SFS Annual Meeting

6/06/2024  |   13:30 - 13:45   |  Freedom Ballroom F

The Role of Contaminant Risk Landscapes in the Anthropocene Human mobilization of chemical pollution across the planet coupled with widespread landcover change are markers of our current geologic era, the Anthropocene. However, changes in contaminant mobilization and land cover are generally studied independently and at different spatial scales, even though contaminants and how their risks are manifested differ across the landscape.
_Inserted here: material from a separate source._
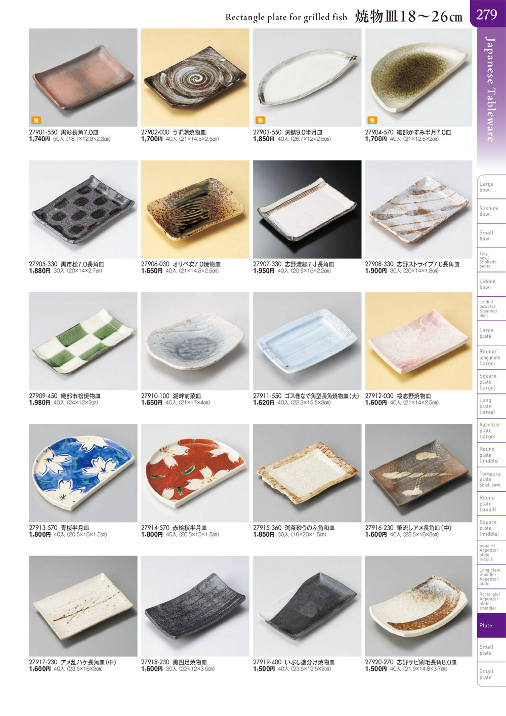 長角皿(中)・焼物皿・半月皿・串皿・のり皿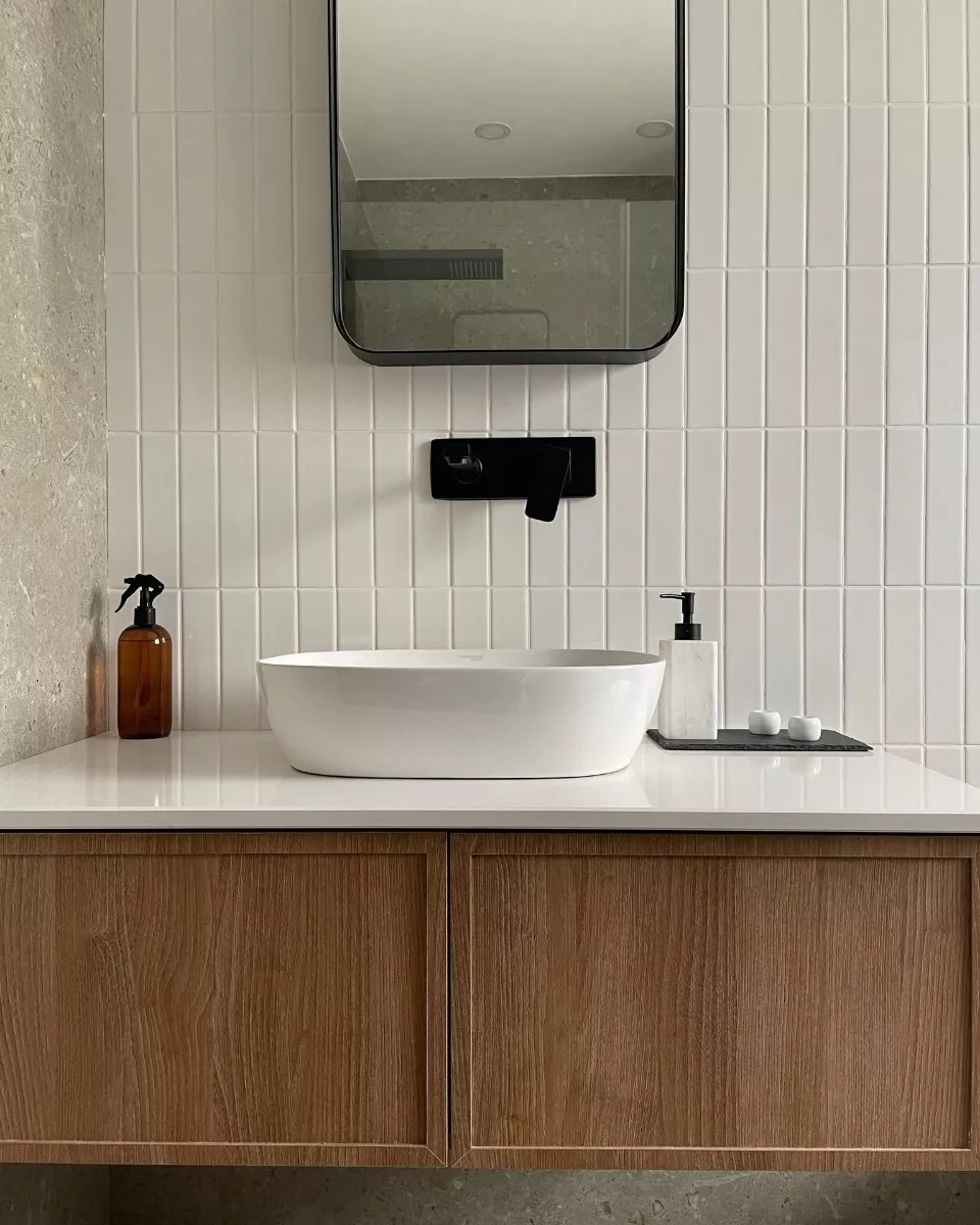 Lo acompañamos con una mesada y estantes en paraiso y una grifería simple de pared.

Landscape alteration plays a critical role in the likelihood that a particular place will capture, sequester, or transform contaminants, ultimately impacting their bioavailability to humans and wildlife. This presentation will introduce a conceptual framework, the ‘contaminant risk landscape,’ that merges perspectives from geochemistry, landscape ecology, and toxicology to understand the transport, fate, and impact of toxic contaminants in the natural world. Successful management and mitigation of contaminant toxicity may be improved through merging these diverse perspectives and traditions to achieve effective solutions.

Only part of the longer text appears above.